The deterministic factors that influence the merit function are
- sky brightness, as a function of optical filter, phase of the moon and distance to the moon.
- time lost during telescope slews and focal plane readout (~3 seconds per image)
- zenith angle dependence of the signal to noise ratio
- exposure time spent on each field
Stochastic factors are
- seeing
- cloud cover
Oct 18 2013, C. Stubbs
Observations obtained at angles z from zenith suffer from two effects:
1) additional optical attenuation due to increased atmospheric path length
2) degraded "seeing".
band | central wavelength | extinction (mag per airmass) | seeing degradation compared to r band at zenith |
---|---|---|---|
u | 350 nm | 0.40*a | (1.1)*a0.6 |
g | 450 nm | 0.18*a | (1.07)*a0.6 |
r | 650 nm | 0.10*a | (1.0)*a0.6 |
i | 750 nm | 0.08*a | (0.97)*a0.6 |
z | 850 nm | 0.05*a | (0.94)*a0.6 |
y | 1000 nm | 0.04*a | (0.91)*a0.6 |
plot of seeing degradation vs. airmass, and polynomial fit:
Decent approximation to seeing degradation vs. airmass a is
S=0.35+0.72a^2-0.07a
Signal to Noise degradation vs. airmass:
SNR scales as source flux in the numerator and (for unresolved objects) as seeing in the denominator. Flux at an airmass "a" is reduced by a factor f(a)=10^(x*(a-1)/2.5) where x is the extinction coefficient listed in the table above. So SNR vs. airmass at fixed exposure time for unresolved point sources scales as SNR(a)~10^(x*(a-1)/2.5)/(0.35+0.72a^2-0.07a).
airmass | seeing degradation | SNR_u | SNR_g | SNR_r | SNR_i | SNR_z | SNR_y |
---|---|---|---|---|---|---|---|
1.0 | 1.0 | 1.0 | 1.0 | 1.0 | 1.0 | 1.0 | 1.0 |
1.1 | 1.06 | 0.91 | 0.93 | 0.94 | 0.94 | 0.94 | 0.94 |
1.2 | 1.11 | 0.83 | 0.87 | 0.88 | 0.88 | 0.89 | 0.89 |
1.3 | 1.17 | 0.77 | 0.81 | 0.83 | 0.84 | 0.84 | 0.85 |
1.4 | 1.22 | 0.71 | 0.77 | 0.79 | 0.79 | 0.80 | 0.81 |
1.5 | 1.27 | 0.65 | 0.72 | 0.75 | 0.76 | 0.77 | 0.77 |
1.6 | 1.32 | 0.61 | 0.68 | 0.71 | 0.72 | 0.73 | 0.74 |
1.7 | 1.37 | 0.56 | 0.65 | 0.68 | 0.69 | 0.71 | 0.71 |
1.8 | 1.42 | 0.53 | 0.62 | 0.65 | 0.66 | 0.68 | 0.68 |
1.9 | 1.46 | 0.49 | 0.59 | 0.62 | 0.64 | 0.65 | 0.66 |
2.0 | 1.52 | 0.46 | 0.56 | 0.60 | 0.61 | 0.63 | 0.64 |
fits | Seeing=0.35+0.72a^2-0.07a | SNR_u=2.1-1.4*a+0.30*a^2 | SNR_g=1.9-1.1*a+0.23*a^2 | SNR_r=1.8-a+0.21*a^2 | SNR_i=1.8-0.98*a+0.20*a^2 | SNR_z=1.7-0.94*a+0.19*a^2 | SNR_y=1.7-0.93*a+0.19*a^2 |
Slew times.
Oct 19 2013, CWS.
angular distance moved is limited by both the maximum angular rate and the maximum angular acceleration. If we imagine the max angular rate is 3 deg/s and max angular acceleration is 3 deg/s/s, then to move one field width requires a slew of 3 degrees in angle (gives small overlap). For no coast phase this takes a time given by t=2*sqrt(2*1.5deg/alpha)=2 seconds. The maximum angular rate achieved is omega=alpha(1)=3 deg/sec. So for these parameters for any slew larger than a field width, we are angular-rate-limited, and the slew requires a time t_slew~2+dtheta/3 seconds. IF we can slew during readout, the overhead between images separated by an angle theta then is approximately (2+theta/3) seconds.
Arguably the system operation is optimized if the slew time is exactly equal to the (unavoidable) 2 second readout time.

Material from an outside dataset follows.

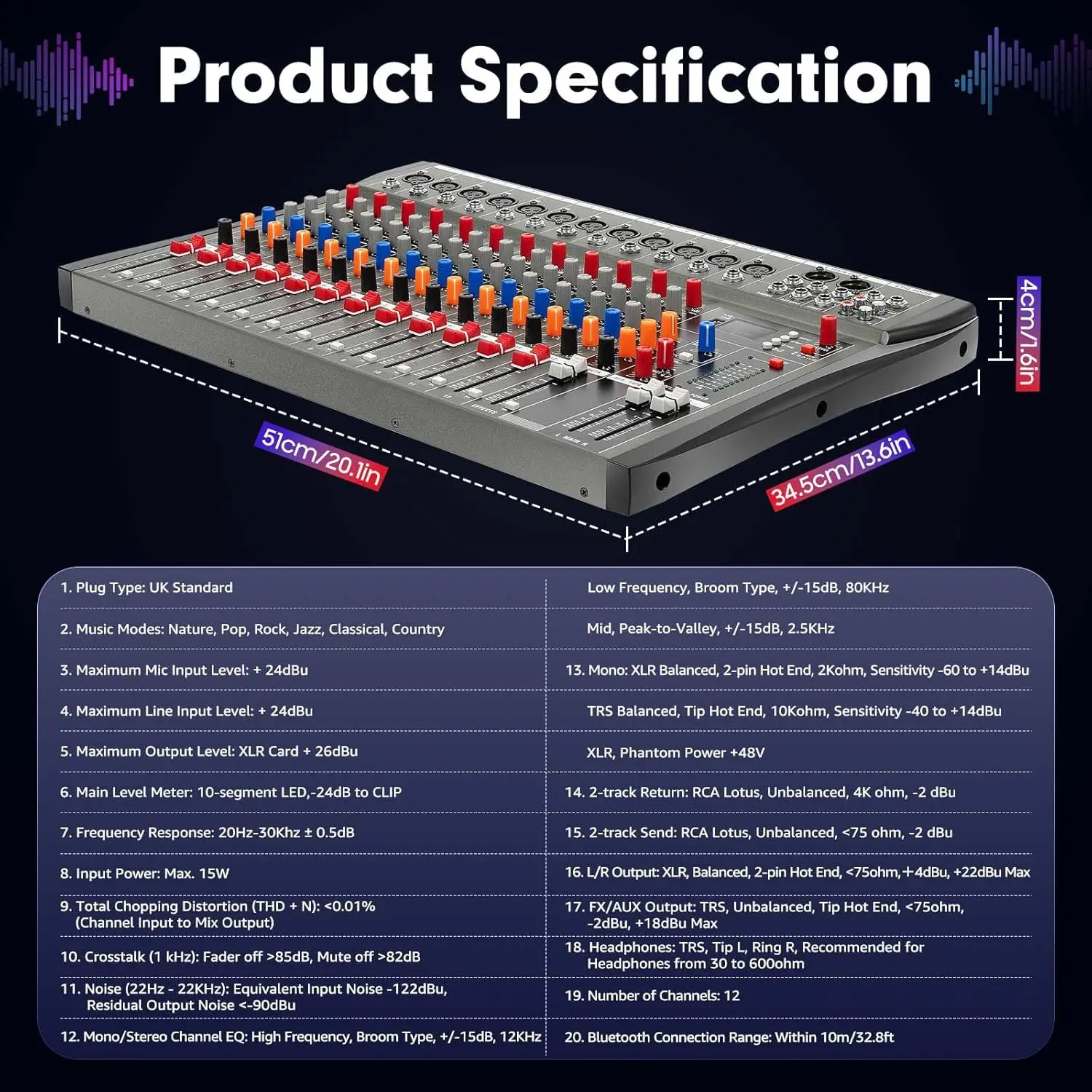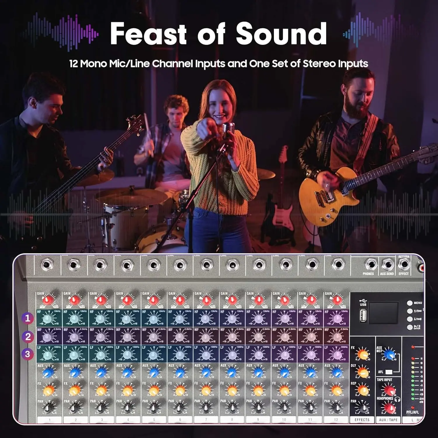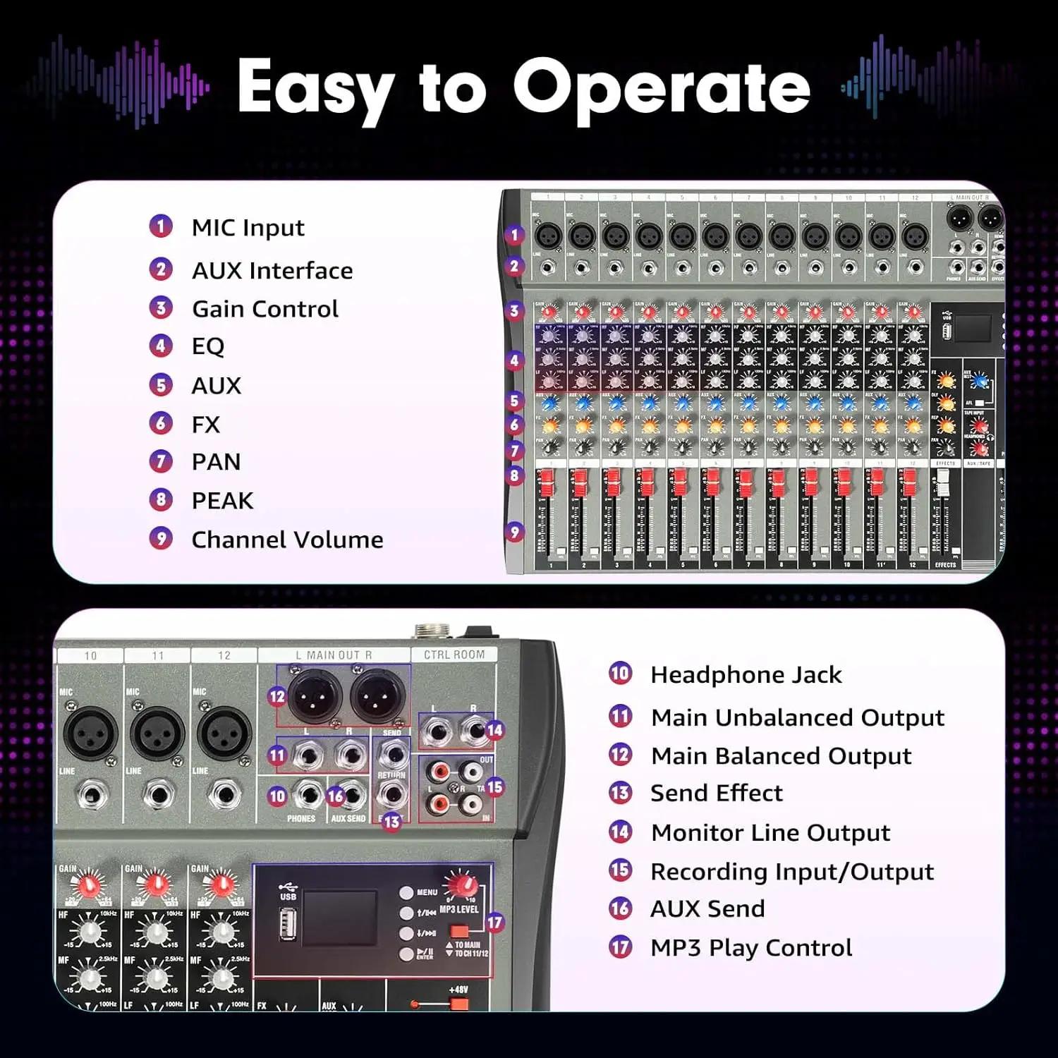 Real-time Monitoring: Its headphone jack allows you to access headphones (not included) to monitor the electrical frequency signal of each channel in real-time, and together with the audience to feel the excitement of live music, and allows you to adjust the sound channel in a timely and precise manner to obtain more desirable results.

This suggests that we should tile the sky with overlapping observations that slew by half a field width between successive exposures.
Operating on the meridian in this mode, with 15 second exposures we'll assume it would take 20 seconds total on average, per exposure. It would take 24*(3.1/360)~12 minutes for the sky to move by one field width, on the equator. In the course of 12 minutes we can acquire 12minutes*3images/min=36 images on the meridian. At this half-overlap rate we could cover 36*3.1/2~56 degrees.
Sky rotation.
The position of objects on the sky changes in right ascension direction at an angular rate of 15 degrees per hour times cos(declination).